Now that's a familiar name. That's the guy who told me that we're not going to boot up anymore. It is old enough to not even have a version number.

The loader on the bootpool:
> strings /tmp/bootpool/boot/loader.efi | grep FreeBSD | grep EFI
FreeBSD/amd64 EFI loader. Revision 1.1


And the loader in the memstick /boot:
> strings /boot/loader.efi | grep FreeBSD | grep EFI
DFreeBSD/amd64 EFI loader. Revision 3.0



boot1.efi in the EFI System Partition
There was no boot1.efi in my ESP. They only contained two files:

> ls /tmp/ada0efi/EFI/BOOT
BOOTX64.EFI STARTUP.NSH


I guess that is something that isn't always present. Or at least my system does not seem to use it.

Also, under the EFI/ directory I only had a BOOT/ folder. And I do not have an efi/freebsd/ folder that I see people mentioning in various articles and discussions. Not sure what's going on with that.

You should try updating them. Using the binaries from FreeBSD 14.2 should work well.
This was the solution.

Resolution: Updating the ESP loaders​

This project took a lot of research time to plan this out. I was unfamiliar with this process, and it's further complicated by doing the work in a USB memstick live environment. I could only find accounts of people who did this from a working system. The process is mostly based on the loader.efi(8) man page, the thread Jose linked, this thread about mounting an ESP, and this article - adapted to work in memstick mode.
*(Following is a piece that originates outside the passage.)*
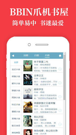 BBIN爪机书屋app可以轻松开始进行阅读,更多丰富的书籍内容,快速可以开始打开书籍软件,给你更多的专属书单,还有很多小说资源提供给你更多优质福利,可以享受不一样的小说阅读,所有的小说阅读过程中没有任何的广告插件。想看什么小说可以直接在搜索栏中查找,强大的搜索功能也能带给你超棒的使用体验,通过爪机书屋手机版随时随地即可免费在线阅读最新的小说和精品图书推荐,爪机书屋手机版拥有全新的界面,完本小说还可以免费下载,爪机书屋手机版每日最快实时为您更新最新章节,爪机书屋app还支持免费离线缓存功能,欢迎来下载体验!

The memstick image must be as new or newer than the version of the system operating system. This is required so that the new loader is a version with support for all of the features in the system OS.

Bash:
# mount bootpool somewhere I can write to in usb live environment
mkdir /tmp/bootpool
zpool import -R /tmp/bootpool bootpool    # may need -f on first run

# mount esp from both mirrors in a writeable folder
mkdir /tmp/ada0efi
mkdir /tmp/ada1efi
mount -t msdosfs /dev/ada0p1 /tmp/ada0efi
mount -t msdosfs /dev/ada1p1 /tmp/ada1efi

# backup originals
# IMPORTANT: the esp had a tiny partition size and can't hold two loader files - so backup esp files to bootpool
mv /tmp/bootpool/boot/loader.efi /tmp/bootpool/boot/loader.efi.BAK202505
mv /tmp/ada0efi/EFI/BOOT/BOOTX64.EFI /tmp/bootpool/boot/BOOTX64.EFI.ada0BAK202505
mv /tmp/ada1efi/EFI/BOOT/BOOTX64.EFI /tmp/bootpool/boot/BOOTX64.EFI.ada1BAK202505

# copy loader from memstick /boot to the bootpool and esp on both mirrors
cp /boot/loader.efi /tmp/bootpool/boot/loader.efi
cp /boot/loader.efi /tmp/ada0efi/EFI/BOOT/BOOTX64.EFI
cp /boot/loader.efi /tmp/ada1efi/EFI/BOOT/BOOTX64.EFI

# unmount bootpool and esp - probably not needed, but just to be safe
zfs umount bootpool
umount /tmp/ada0efi
umount /tmp/ada1efi

Aside: A fun time-waster problem that I encountered was cp complaining about an "input/output error" when I copied files to the ESP. I made backups in-place by renaming the existing files. Then copied the new loader over. I didn't understand the error -as it didn't explain what went wrong-, and the new file showed up with ls, so I gave it a go. It of course did not boot. After more diagnosis I noticed that the file size was not what was expected. The diff program said binary files differ. The cmp command did not see differences, but reached EOF. I used od to dump the files and diff them - where I discovered that the copied file had been truncated. It was missing a big chunk of data at the end. More investigation, and finally it occurs to me to df -h. Yep, the EFI system partition on my server with many terabytes of storage is... 766K. It was literally full since I had left a backup of the old loader.

Lessons learned​

  • zpool upgrade can be dangerous - especially on boot/root filesystems. Don't do it just to silence the nag message in zpool status.
  • You need to manually upgrade the loader in the ESP when upgrading ZFS.
  • It's a good idea to do a test reboot after any such upgrade. Have a USB drive handy and be prepared for some pain if you missed a step.
I know that it is my own stupid fault, but I feel like this should be better called out. It's purely my mistake, but I had to make two mistakes for this to happen.
  1. Not realize that I needed to manually upgrade the ESP loader when doing a FreeBSD upgrade, and
  2. Not realize that zpool upgrade depends on the ESP loader version.
I did consult documentation before I did either of these tasks. If these requirements were called out somewhere then I missed them.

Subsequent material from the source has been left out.